Greenland cockles (Serripes groenlandicus Mohr 1786) from Bjornoya (Bear Island), Svalbard record environmental change: Local and regional drivers of growth

摘要

Long time series are necessary to separate natural variability from that due to climate change and make it possible to interpret the impact of environmental change on ecosystems. Sclerochrono-logical analysis of environmental records in the shells of mol-lusks make it possible to reconstruct environmental-ecological linkages over sufficiently long time scales to detect ecosystem change. Annually resolved archives can be key indicators of how climate change manifests in the marine ecosystem and are especially important in areas with limited instrumental records. We developed a master growth chronology of the Greenland Cockle (Serripes groenlandicus) from Bear Island (Bjornoya), Svalbard, Norway (74°41'N, 18°56'E) from analysis of annual shell growth increments. The chronology was developed from 13 individuals collected from 80 m deep and ranging in age from 40 to 48 years old (the oldest known individuals of this species to date).
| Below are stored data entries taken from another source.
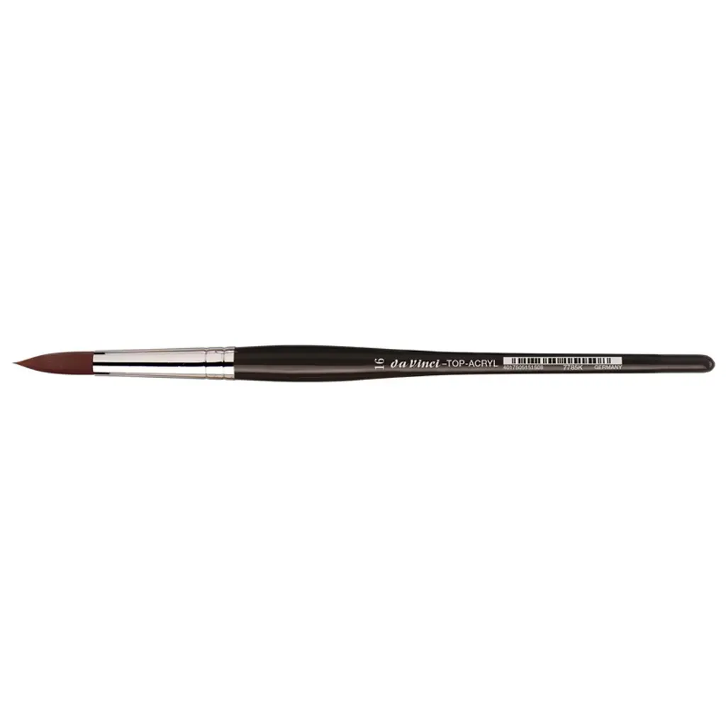 da Vinci TOP-ACRYL Red-Brown Brush, Synthetic, Acrylic & Oil, Round, Series 7785K, Size 16 | Extra strong and stiff for acrylics, oils & water-mixable oils TOP-ACRYL is constructed with 5 different diameters of extra strong Synthetic Bristle. Short "no-roll" handles fit right in your smaller painting box or travel easel. Exclusive design developed by da Vinci. Extra stiff with a precise snap, and a favorite of Impasto painters (who use thick applications of paint). Whether massing color in the larger sizes or precision painting in the smaller sizes, TOP-ACRYL brushes offer the artist versatility and ruggedness. This brush features short, black, polished, hexagonal handles that prevent the brush from rolling away and the hand from getting tired during painting.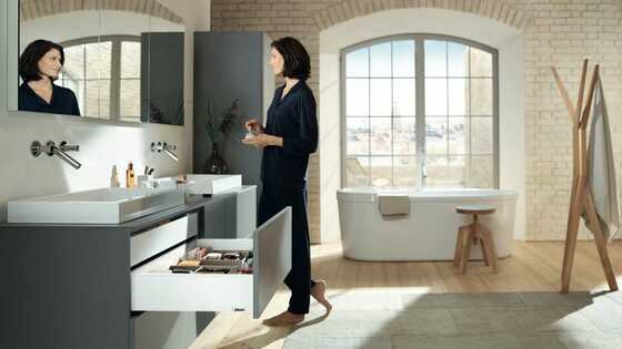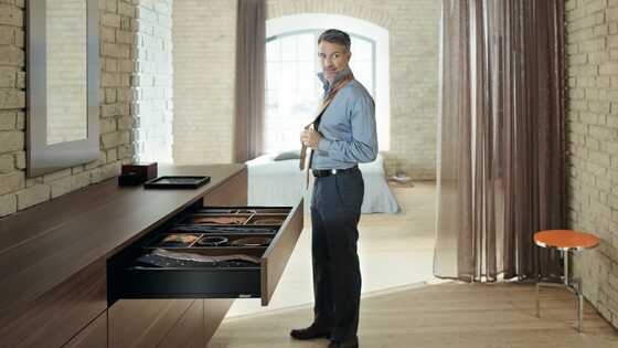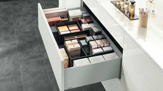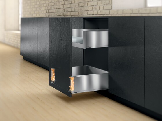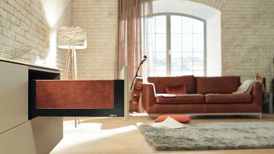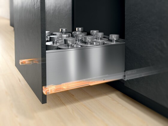 Die innen wie außen geraden, mit 12,8 mm beeindruckend schlanken Seitenwände fügen sich harmonisch in jedes Möbel ein. Die einzelnen Komponenten sind optimal aufeinander abgestimmt und bilden harmonische Übergänge.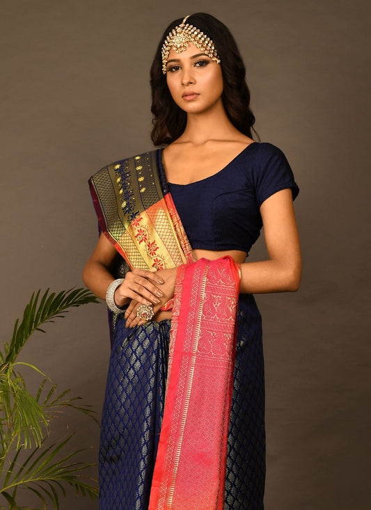 Contemporary Brasso Blue Weaving Saree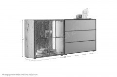 - Sideboard mit 2 Glastüren (links), 1 Holzklappe, 2 Schubkästen, 1 Glasboden, 1 Holzboden und 1 Lamellenrückwand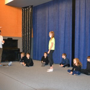 To je důležité, protože hned poté se přechází k tvorbě a zkoušení divadelního představení, což vyžaduje velké soustředění. Představení však už bylo hotové, takže ho děti rodičům rovnou zahrály. Na jevišti se postupně střídali bohové a postupně stvořili svět tak, jak ho nyní známe.

The master chronology, expressed as a growth index (GI), extended from 1968 to 2012 and exhibited a cyclical pattern with decadal periods of high growth alternating with slower growth intervals. We identified significant relationships between variations in large-scale climate regimes (e.g. Atlantic Multidecadal Oscillation), local environmental conditions (e.g., sea temperature, sea ice), and shell growth. A model using sea temperature and sea ice explained 34-49% of the annual variations in shell growth patterns. The growth chronology and environmental linkages for cockles at this site in southern Svalbard near the southern extent of Arctic water in the Barents Sea were substantially different than at other locations in Svalbard. We conclude that the Greenland Cockle is quite sensitive to environmental changes over annual to decadal scales and therefore can serve as a proxy of climate change effects on ecosystem processes in the Arctic, but that local environmental processes that regulate food availability to the seabed are key determinants of environmental regulation on shell growth.